Asked by: lyricaleopard
  • I believe yes

    With the improving technology of this day and age we are increasing in intellect power and man power allowing us to change and inovate the technology we have today. With this growing intellect, I mean people in terkey have already made a prototype transformer from the movie and have almost perfected it. With this fast space in changing technlogy we really are getting closer to changing what we can do with the building blocks of the universe.

  • The Technology Already Exists

    Atoms range in size from a few nanometers to hundreds of nanometers and you can already see even individual hydrogen atoms under a microscope. However, quanta have been called "formless" due to the Heisenberg Indeterminacy Principle and are contextual, meaning, they take on whatever shapes and properties the specific context will allow and can even occupy two places simultaneously.

  • By the nature of atoms seeing in the sense of light them is impossible.

    An atom is much smaller than the wavelength of the visible spectrum. It starts just bellow 400 nanometres but the largest nuclear radius of any atom is Cesium at about 270 picometers i.e. about a quarter of a nanometre. Therefor we will never be able to see them in the sense of physically looking at them. We can however observe them and their constituent parts in a number of ways. You can observe the magnetic fields, their mass, and how they interact with various objects. On the subject of interacting with atoms we do that all the time. We split atoms in fission, we combine atoms in fusion, we ionise them all the time. We can change their element without changing their weight in electron capture. Also to rely to the creators comment atoms aren't the building blocks to the universe, they aren't even close. Atoms are made up of protons and neutrons which are made up of quarks as well as electrons which are leptons and therefor as far as we know indivisible. Plus you have all the interaction particles such as gluons that are constantly in a nucleus and string theory brings in a whole can of worms that I can't fit into this box.

  • We will never see an atom in the sense of light.

    An atom is much smaller than the wavelength of the visible spectrum. It starts just bellow 400 nanometres but the largest nuclear radius of any atom is Cesium at about 270 picometers i.e. about a quarter of a nanometre.

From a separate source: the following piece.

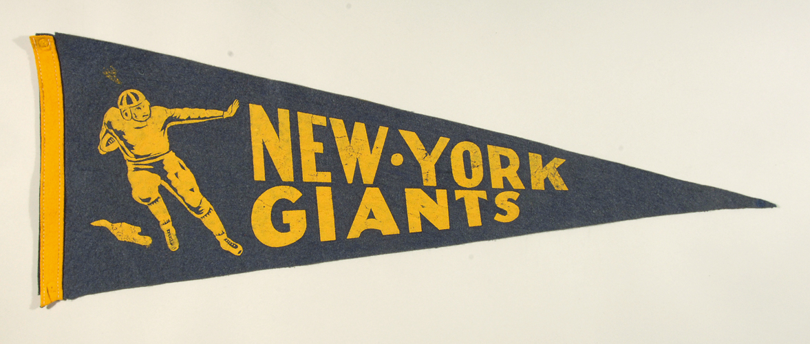 Description:New York Giants souvenir pennant c.1940s. Very early full size navy blue pennant displaying an early uniformed player at left end with team name in yellow block lettering across the front. Small pinholes at corners and tip area. First example of this tough early Giants pennant we have encountered: EX

Therefor we will never be able to see them in the sense of physically looking at them. We can however observe them and their constituent parts in a number of ways. You can observe the magnetic fields, their mass, and how they interact with various objects. On the subject of interacting with atoms we do that all the time. We split atoms in fission, we combine atoms in fusion, we ionise them all the time. We can change their element without changing their weight in electron capture and do hundreds of other things to atoms.